Amazon Video Streams offers users an easy method to stream video from various connected devices to AWS. Whether it’s machine learning, playback, or analytics, Video Streams will automatically scale the infrastructure from streaming data and then encrypt, store, and index the video data. This enables live, on-demand viewing. The process allows integrations with libraries such as OpenCV, TensorFlow, and Apache MxNet.

How it works:

The Amazon Video Streams starts with the use of the AWS Management Console. After installing Kinesis Video Streams on a device, users can stream media to AWS for analytics, playback, and storage. The Video Streams features a specific platform for streaming video from devices with cameras to Amazon Web Services. This includes internet video streaming or storing security footage.

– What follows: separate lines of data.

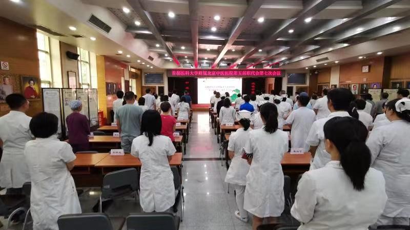 7月22日下午,北京中医医院第五届职代会第七次会议在多功能厅举行。院领导刘清泉、张金霞、李萍及职工代表共97人与会。张金霞主席主持会议。
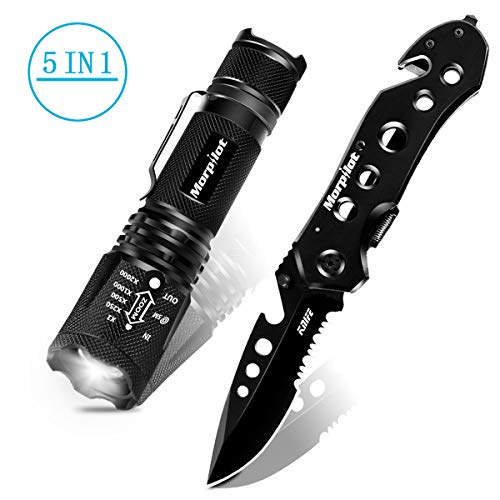 morpilot Navaja y Linterna Set, Cuchillo Supervivencia, Navaja Caza Pesca 85mm, Acero Inoxidble, Linterna LED de 5 Modos, 500LM, Impermeable IPX4, Portátil
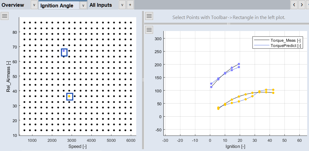 > Configure Single Element > Only Marked Data) gives you a better overview, e.g. prediction vs. ignition angle per operating point.
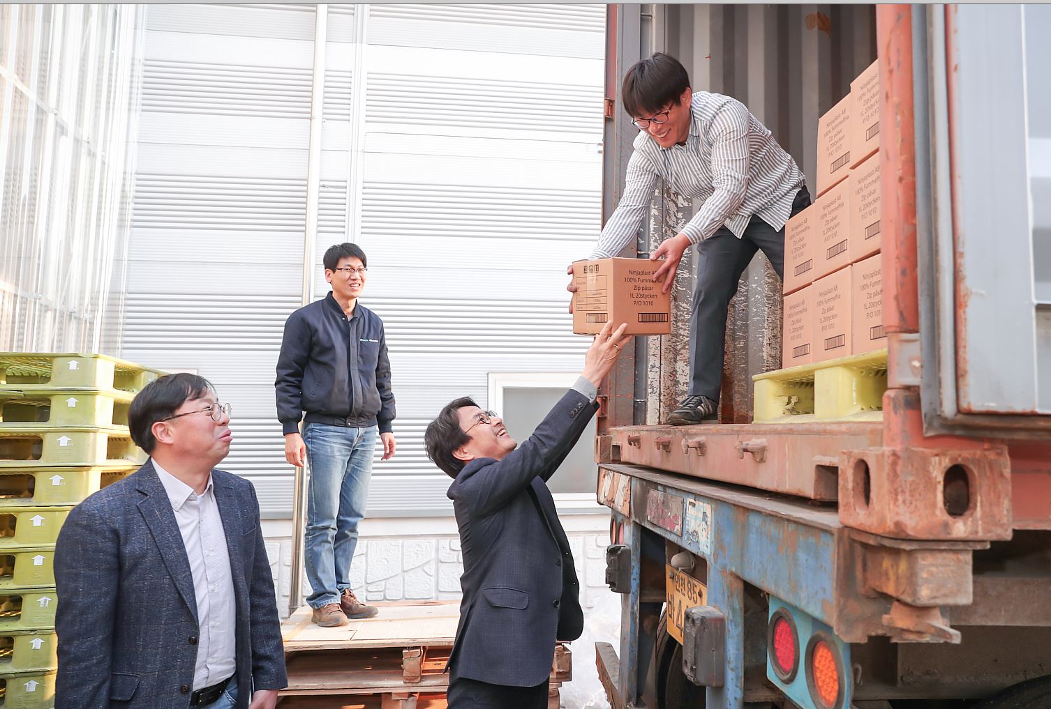 사진2 설명 : 해외 판로개척 지원 사업에 참여, 계약을 성사한 ㈜에코매스에서 이재현 서구청장이 스웨덴에 수출할 물품을 싣고 있다.

This platform also offers WebRTC support and connecting devices that use the Application Programming Interface. 

Data consumers: 

MxNet, HLS-based media playback, Amazon SageMaker, Amazon Rekognition

Benefits:

  • There are no minimum fees or upfront commitments.
  • Users only pay for what they use.
  • Users can stream video from literally millions of different devices.
  • Users can build video-enabled apps with real-time computer-assisted vision capabilities.
  • Users can playback recorded and live video streams.
  • Users can extract images for machine learning applications.
  • Users can enjoy searchable and durable storage.
  • There is no infrastructure to manage.

Use Cases:

  • Users can engage in peer-to-peer media streaming.
  • Users can engage in video chat, video processing, and video-related AI/ML.
  • Smart homes can use Video Streams to stream live audio and video from devices such as baby monitors, doorbells, and various home surveillance systems.
  • Users can enjoy real-time interaction when talking with a person at the door.
  • Users can control, from their mobile phone, a robot vacuum.
  • Secure Video Streams provides access to streams using Access Management (IAM) and AWS Identity.
  • City governments can use Video Streams to securely store and analyze large amounts of video data from cameras at traffic lights and other public venues.
  • An Amber Alert system is a specific example of using Video Streams.
  • Industrial uses include using Video Streams to collect time-coded data such as LIDAR and RADAR signals.
  • Video Streams are also helpful for extracting and analyzing data from various industrial equipment and using it for predictive maintenance and even predicting the lifetime of a particular part.

Data Firehose

What it is:

Data Firehose is a service that can extract, capture, transform, and deliver streaming data to analytic services and data lakes. Data Firehose can take raw streaming data and convert it into various formats, including Apache Parquet. Users can select a destination, create a delivery stream, and start streaming in real-time in only a few steps. 

How it works:

Data Firehose allows users to connect with potentially dozens of fully integrated AWS services and streaming destinations. The Firehose is basically a steady stream of all of a user’s available data and can deliver data constantly as updated data comes in. The amount of data coming through may increase substantially or just trickle through. All data continues to make its way through, crunching until it’s ready for visualizing, graphing, or publishing. Data Firehose loads data onto Amazon Web Services while transforming the data into Cloud services that are basically in use for analytical purposes.

Data consumers: 

Consumers include Splunk, MongoDB, Amazon Redshift, Amazon Elasticsearch, Amazon S3, and generic HTTP endpoints.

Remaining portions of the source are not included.